The pocket of Doraemon: many tools
Project description
Doraemon
Doraemon is a tool kit.
- Google Knowledge Graph [Deprecated]
- Google Translator
- Dianping [Deprecated] # 大众点评
- QQ music lyrics
- whois
- NetEase music comments
- Parse domain name to IP (in batch)
Tools
1. Robust Requests
from Doraemon import requests_dora
url = "https://www.baidu.com"
headers = requests_dora.get_default_headers()
headers["User-Agent"] = requests_dora.get_random_user_agent()
def get_proxies():
proxy_str = "127.0.0.1:1080"
proxies = {"http": "http://%s" % proxy_str,
"https": "http://%s" % proxy_str, }
return proxies
# max_times, get_proxies_fun, and invoked_by are optional parameters, others are the same as the requests.get() and requests.post()
res1 = requests_dora.try_best_2_get(url, max_times=5, get_proxies_fun=get_proxies, invoked_by="parent_fun_name")
res2 = requests_dora.try_best_2_post(url, max_times=5, get_proxies_fun=get_proxies)
print(res1.status_code)
print(res2.status_code)
2. Proxy Kit
from Doraemon import proxies_dora
proxies1 = proxies_dora.get_proxies("127.0.0.1:223") # get a self-defined proxies dict
proxies2 = proxies_dora.get_data5u_proxies("your data5u api key") # input api key for crawling, get a proxies dict
pool = [
"127.0.0.1:233",
"123.123.123.123:123",
"...",
]
proxies_dora.set_pool(pool) # set a self-defined proxy pool
proxies3 = proxies_dora.get_proxies_fr_pool() # get a proxies dict from the pool
loc_info1 = proxies_dora.loc_proxy_ipv4(proxies1) # get location info of a given proxy, ipv4 only
loc_info2 = proxies_dora.loc_proxy(proxies2) # get location info of a given proxy, for both ipv4 and ipv6
3. User-friendly Chrome
from Doraemon import chrome_dora
proxy = "127.0.0.1:1080"
baidu_url = "https://www.baidu.com"
# no_images: do not load images(response more quickly)

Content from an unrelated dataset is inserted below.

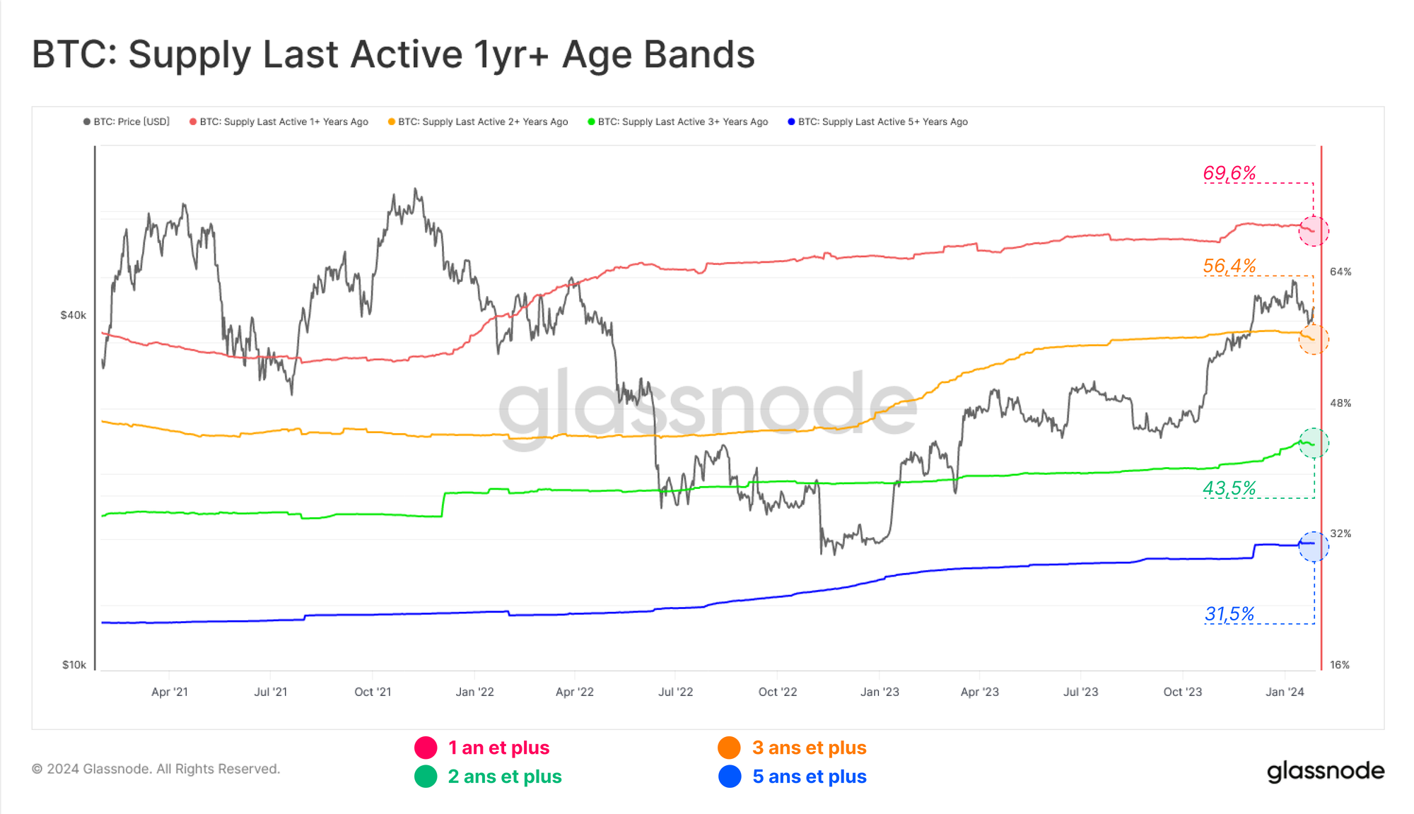 Cette série d'indicateurs mesure la proportion de l'offre en circulation qui a été conservée pendant plusieurs années. Nous pouvons observer une légère baisse sur les bandes de 1 an et 2 ans en particulier, dont beaucoup, mais pas toutes, sont associées au GBTC.

# headless: make the chrome invisible
# proxy: set if you need
# they are all optional
chrome = chrome_dora.MyChrome(headless=False, proxy="127.0.0.1:1080", no_images=True)
chrome.get(baidu_url)
print(chrome.page_source)
Crawlers
1. Google Knowledge Graph [Deprecated]
from Doraemon import google_KG
def get_proxies():
proxy_str = "127.0.0.1:1080"
proxies = {"http": "http://%s" % proxy_str,
"https": "http://%s" % proxy_str, }
return proxies
res = google_KG.get_entity("alibaba", get_proxies_fun=get_proxies)
print(res)
2. Google Translator
from Doraemon import google_translator, proxies_dora
def get_proxies():
proxy_str = "127.0.0.1:1080"
proxies = {"http": "http://%s" % proxy_str,
"https": "http://%s" % proxy_str, }
return proxies
ori_text = "中华民国"
# sl, tl and get_proxies_fun are optional, the default values are "auto", "en", None
res1 = google_translator.trans(ori_text,sl="auto", tl="zh-TW", get_proxies_fun=get_proxies)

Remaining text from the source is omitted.